Islamic seminary in Bahraich, Uttar Pradesh, India

Jamia Arabia Masoodia Noorul Uloom, also known as Noorul Uloom Bahraich, is the oldest Islamic saminary belonging to the Deobandi school of thought in the Bahraich City of the Indian state of Uttar Pradesh.

== History ==
Jamia Arabia Masoodia Noorul Uloom (then Madrasa Arabia Noorul Uloom) was founded in Qazipura, Bahraich, on 1 Dhu al-Qadah 1349 AH (29 March 1931 AD) by Mahfoozur Rahman Nami, after the demise of his father Noor Muhammad Bahraichi, on the suggestion of Khwaja Khalil Ahmad Shah, a freedom fighter and political leader of the Indian Congress Party in Bahraich. At the time of independence, Nami also founded a modern educational institution, Maulana Azad Noorul Uloom High School, now known as Azad Inter College, in Bahraich in 1948 for the promotion and dissemination of contemporary studies.
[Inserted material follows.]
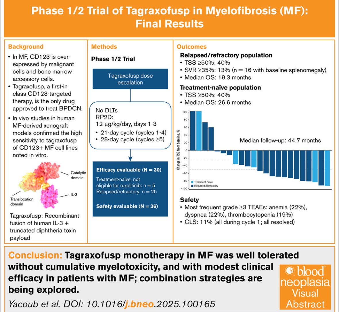 ”Just out in Pubmed – Ph 1-2 results of Tagraxofusp monotherapy in R/R Myelofibrosis (MF).

In January 1937, the seminary established a private school teaching leather goods manufacturing under the name Noorul Uloom for the Economic Development of Underprivileged Muslim Youth, which was also given an annual grant of Rs. 600 by the government through the Department of Industries.

Graduates there are known by the suffix Noori.

=== In the Independence movement ===
The people of this seminary have also participated in the independence movement in India. In connection with the Quit India Movement, Salamatullah Baig Qasmi, a former principal of the madrasa, went to jail. Kaleemullah Noori, a former working rector of the saminary, in his student days, on the instructions of his teachers, joined Mahatma Gandhi's Satyagraha movement in 1941, and in this connection, he had to spend more than a year in the jails of Bahraich and Gonda. He worked under the Quit India Movement in 1942 in order to remain associated with the freedom movement until the independence of India. Both of them were given the title of freedom fighter during the ministry of Indira Gandhi.

== Administration ==
The first rector of the institution was Muhammad Ehsanul Haq and the current rector of the institution is Zubair Ahmad Qasmi.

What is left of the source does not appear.